Detailed Description
There is a body of evidence that has evaluated the effect of Weight Watchers, a commercially available weight loss program, on changes in body weight. The current investigation aims to add to this body of evidence by providing additional data on changes in body weight and enhance the current evidence-base in regards to evaluating other health-related outcomes. There is no evidence that demonstrates whether or not the weight loss as a result of the Weight Watchers program elicits changes in health-related outcomes related to aerobic capacity, flexibility, functional fitness, sleep, and other psychological measures. Additionally, within a scientific research protocol, measures of adherence and satisfaction have not been evaluated. This study will evaluate these outcomes beyond weight changes achieved across the 24-week program.
Investigators
Renee J. Rogers
Assistant Professor
University of Pittsburgh
Eligibility Criteria
Inclusion Criteria
- •Male or female over age
- •Set "soft quotas" on the number of male and female participants - The desire is to have a 90% female / 10% male split.

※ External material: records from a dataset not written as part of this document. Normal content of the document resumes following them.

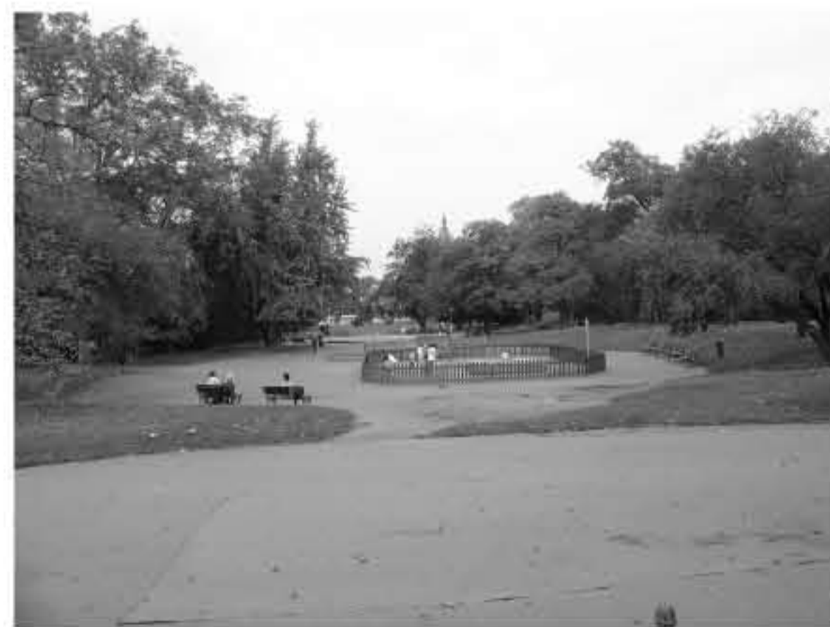
SKUTEČNÝ STAV - VÝCHOZÍ FOTOGRAFIE PRO VIZUALIZACE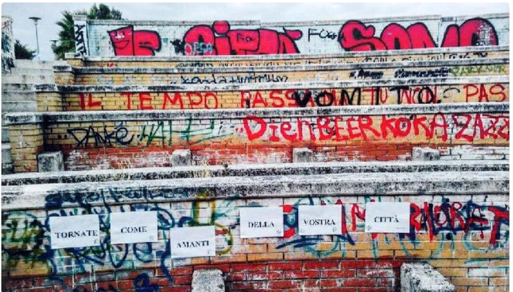
Messaggio di sensibilizzazione prima dei lavori di riqualificazione, estate 2015

A Parcocittà si è ricreato un pezzo importante di cittadinanza attiva, fatta di energie vitali e propositive che rappresentano il cuore pulsante di una comunità che guarda al futuro e che, grazie a quest'esperienza, si è alimentata di nuova linfa con una meravigliosa ondata di idee seguite da un florilegio di iniziative.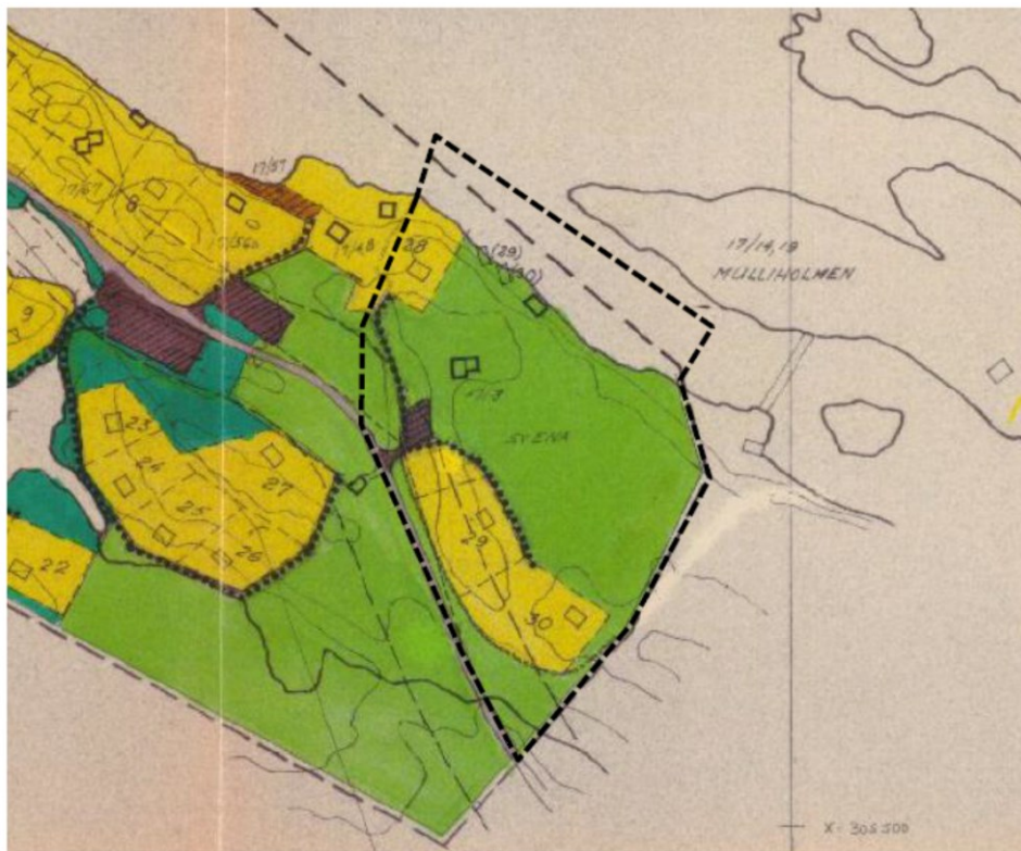
Figur 2: Utsnitt av gjeldande reguleringsplan for området, Rossnes. Planområdet er markert omtrentleg med svart stipla line.

Føremålet med planarbeidet er å leggje til rette for å kunne endre plassering av nye fritidsbustader samenlikna med det godkjente i reguleringsplan for Rossnes. I tillegg er det ynskje om 1 ekstra hytte med naust, samt gangveg til sjø og flytebyggje.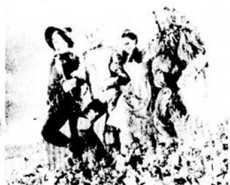
Le Magicien d'Oz

Sorti à New York en août 1939, ce film a fait courir les foules du monde entier. Au merveilleux de l'histoire, Victor Fleming ajoute le charme et l'entraînement de la chanson et de la danse. De cette féerie, une nouvelle étoile se fixait au firmament hollywoodien: Judy Garland, qui à cette époque n'avait que 15 ans.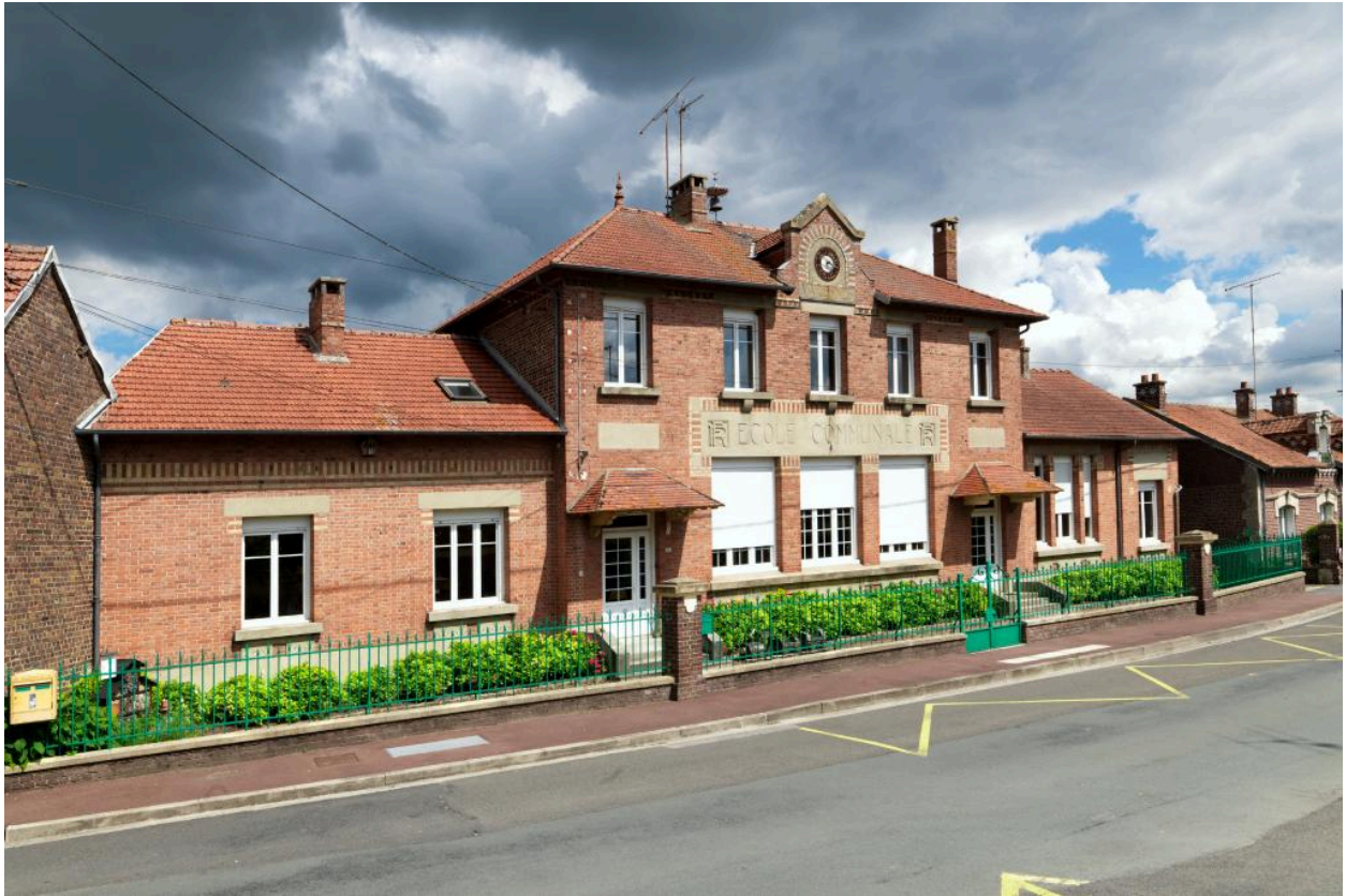
Vue de situation.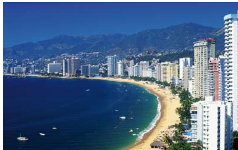
La spiaggia di Acapulco.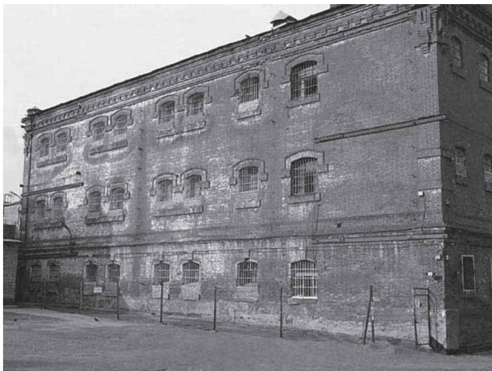
Корпус Пензенской губернской тюрьмы

За первое полугодие в 1920 году в четырех основных тюрьмах Пензенской губернии* содержалось до 6000 тысяч человек, среди которых были приговоренные к расстрелу, осужденные на 20 и более лет заключения в концлагерь. Основной проблемой в тюрьмах молодой республики стала проблема питания. Норма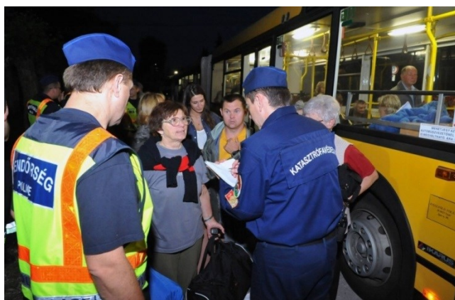
4. ábra: Kitelepítés 21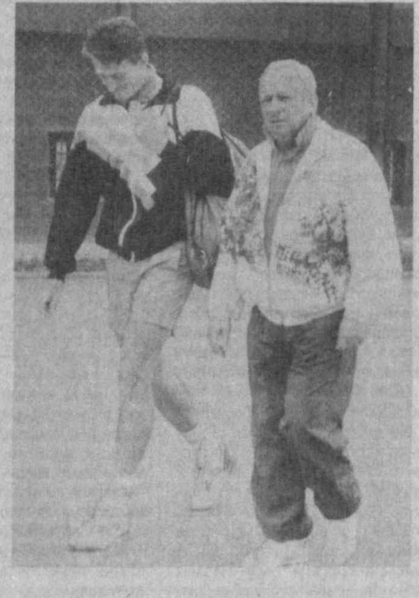
Соперник — самый сильный из тех, с кем они прежде встречались, и у команды Узбекистана очень хороший шанс пробиться в первую группу.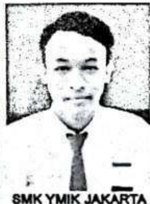
SMK YMIK JAKARTA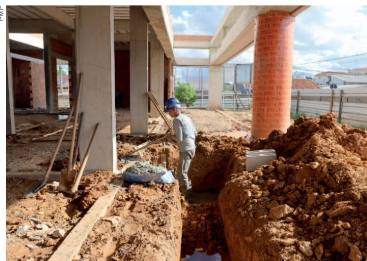
As equipes executam serviços de alvenaria, desforma das lajes e infraestrutura externa, que compreende abertura de valas para rede hidráulica

Além da ampliação das equipes de atendimento, a unidade terá climatização em todos os ambientes, com sistema fotovoltaico de energia (que utiliza placas solares). Depois de pronta, a estrutura de aproximadamente 1.000 metros quadrados contará com seis consultórios, sendo dois para a especialidade de ginecologia; sala de acolhimento e pré-consulta; sala de vacinação; sala de nebulização; sala de aleitamento; farmácia, auditório, três con-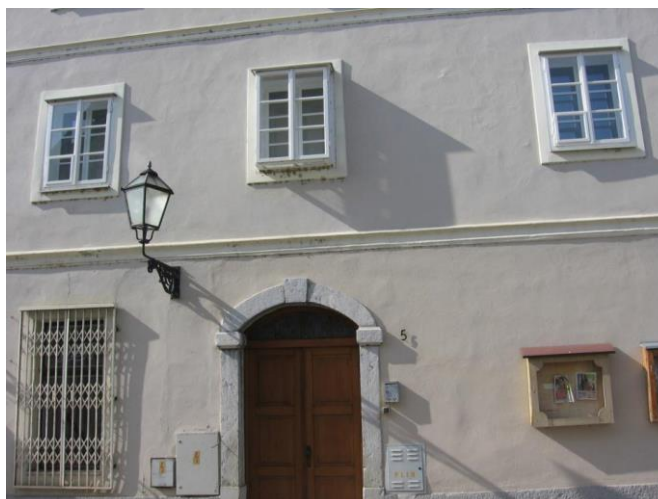
Slika 6: Kuća uglednog trgovca Mije Krešića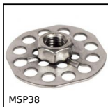
MSP38 Inserto con piastrina a incollare Masterplate®, Cilindrico Ø38 con...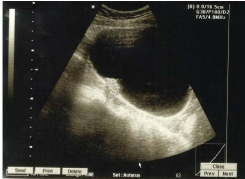
Fig.1. Imagen ecogénica posterolateral derecha dependiente de la pared.

Ultrasonido vesical: Imagen ecogénica posterolateral derecha dependiente de la pared (Figura 1) que mide 18 x 20 mm, e impresiona interrumpir su continuidad con crecimiento endoluminal y base ancha de posible causa neoformativa (Figura 2).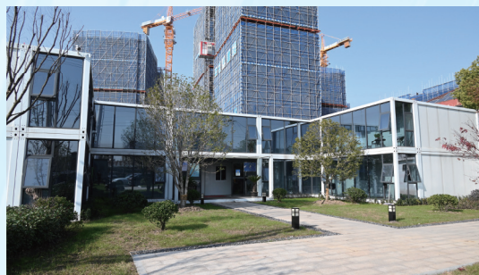
项目办公区整洁大气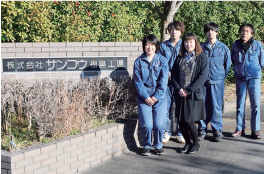
SDGsの目標達成に日々取り組む環境推進メンバーの皆さん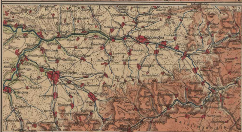
Nr. 1. Hoher Schwarzwald.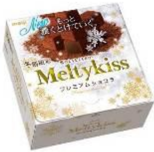
「メルティーキッス プレミアムショコラ」 参考小売価格:246 円(税別)

「Meltykiss」は、“雪のような口どけ”が特徴の冬期限定商品として多くの方に親しまれ、発売から22年目を迎えました。長年に渡って磨き続けてきた味わいは、「Meltykiss」ならではの贅沢です。口どけとともに広がる奥深い余韻をゆっくりとお楽しみいただけます。今年のラインナップは、“雪のような口どけ”×“カカオの濃厚感、華やかな香り”によって進化した味わいが楽しめる「メルティーキッス プレミアムショコラ」と、みずみずしい苺が味わえる「メルティーキッス フルーティー濃いちご」、2年前に発売し、短期間で品切れとなったきなこ味の進化版「メルティーキッス 香ばしきなこ」の3品です。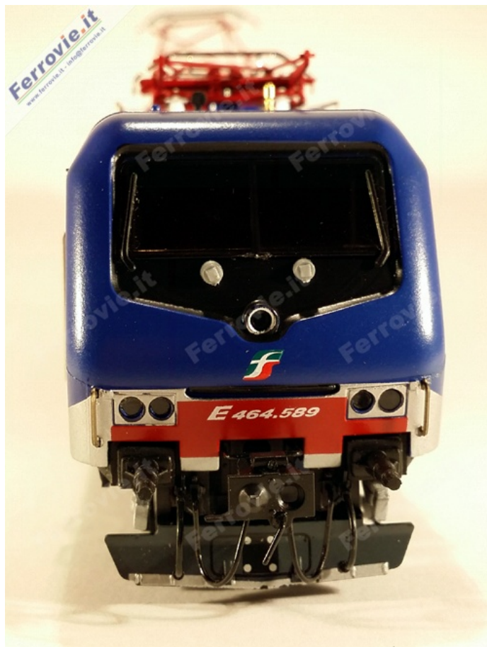
9 Vitrains 2208 - Locomotiva E.464.589 FS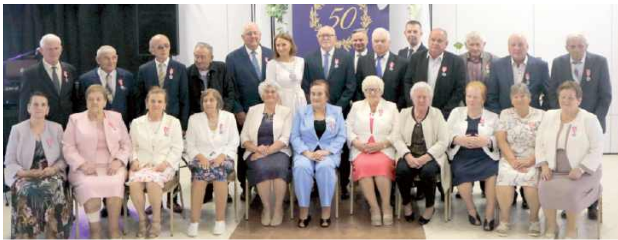
Małżonkowie, którzy od pół wieku wspólnie kroczą przez życie, zostali uhonorowani Medalami za Długoletnie Pożycie Małżeńskie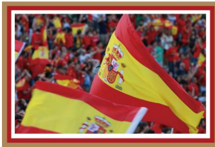
闘牛場(スペイン) スペインの伝統文化に触れてみて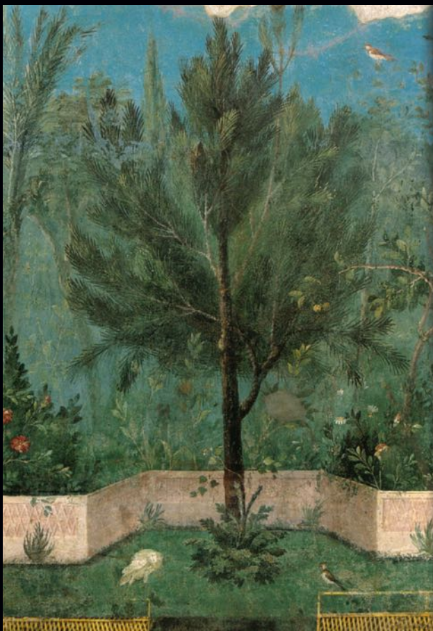
Fresque représentant un jardin verdoyant dans la Villa Livia, Rome (I er siècle. av. J.-C.). Musée national romain, Palazzo Massimo alle Terme.

Cycle de conférences tout public proposé par le Musée des Moulages (Université Paul-Valéry / Montpellier 3) et le site archéologique Lattara – musée Henri-Prades, en partenariat avec le Musée Fabre, le LabEx Archimède et le laboratoire de recherche ASM (UMR-5140, CNRS) de l'Université Paul-Valéry / Montpellier 3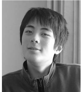
十五年間、ありがとう。ほくのこと、忘れないでね。

しばらくして私は、公民館主催の町田市障がい者青年学級にスタッフとして参加し、さらに町田作業所連絡会の方たちと出会うことで、いつしか福祉の世界を知るようになってきました。親という立場だけでは知ることの出来ないであろう、いろいろなことを経験をさせて貰いました。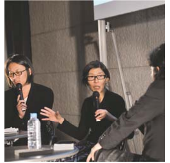
写真：2012 年度 開催の様子 (3.13・ゲスト建築家・妹島和世・開催時)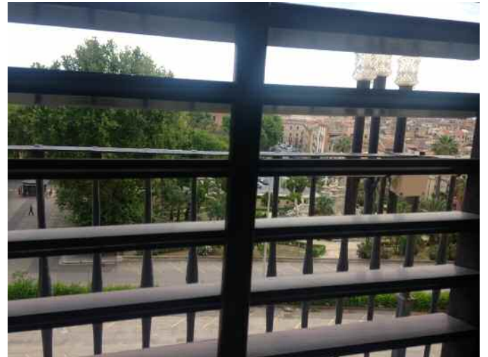
Tra le persiane del palazzo della politica a Palazzo dei Normanni (ARS)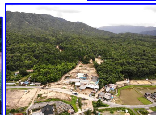
7/8 土石流等 たかしま はいど 滋賀県高島市拝戸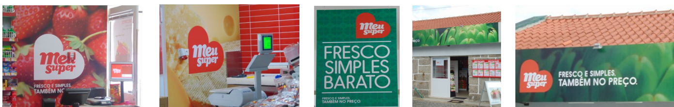
Supermercado Meu Super

Este projeto contou com a criação de 2 postos de trabalho e, segundo o proprietário, com apenas 5 meses de atividade, está a ir ao encontro das suas expectativas, esperando um crescimento e sustentabilidade do seu negócio.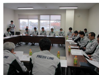
事故について検討します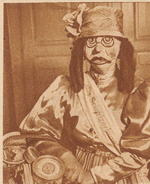
Bild links: Auch in Bern ist am Kursaalmaskenball die «Miß Schweizerland» preisgekrönt worden. Eigentlich hat man sich unsere Schönheitskönigin doch ein wenig hübscher vorgestellt

Neben ihm der traditionelle Narr und ein Mitglied des Zunftvorstandes. Am Fritschiumzug wird er mit anderen traditionellen Figuren im Fritschiwagen durch die Stadt gefahren, nachdem er seine Wohlthatigkeitstournee beendet hat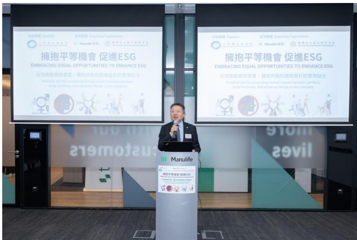
平機會主席朱敏健在「擁抱平等機會 促進ESG」研討會中致辭，鼓勵中小企實施平等及多元共融的措施，提升社會責任及企業管治。

預防職場性騷擾是社會及管治的重要元素。僱主有責任為僱員提供一個安全、沒有性騷擾的工作環境，並應實施性騷擾零容忍政策及制定預防反性騷擾措施，例如設立申訴機制、委派指定人士處理投訴和安排培訓課程等，從而做好風險管理，減低有關事件對企業的影響。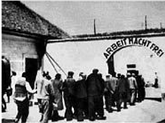
Eingang zur „Kleinen Festung“ in Theresienstadt 10

ren geschlossen, und wir stehen noch stundenlang auf dem Perron. Endlich, gegen 5 Uhr nachmittags, setzt sich der Transportzug in Bewegung. 9

- •With or without previous Weight Watchers experience. Set quota on the number of participants with previous Weight Watchers experience at 65%.
- •Self reported height/weight resulting in a Body Mass Index (BMI) of 27 to 43 kg/m2 (will re-screen at facility).
- •Self report that he/she feels the need to lose weight.
- •Willing to discontinue any current over-the-counter (OTC) supplements not recommended/prescribed by physician, with the exception of multivitamins or other vitamin supplement.
- •Willing to follow recommendations required by study protocol.
- •Willing to include demographic information (e.g., ethnicity, income and education).
- •Willing to participate in consumer surveys and focus groups as a part of the intervention.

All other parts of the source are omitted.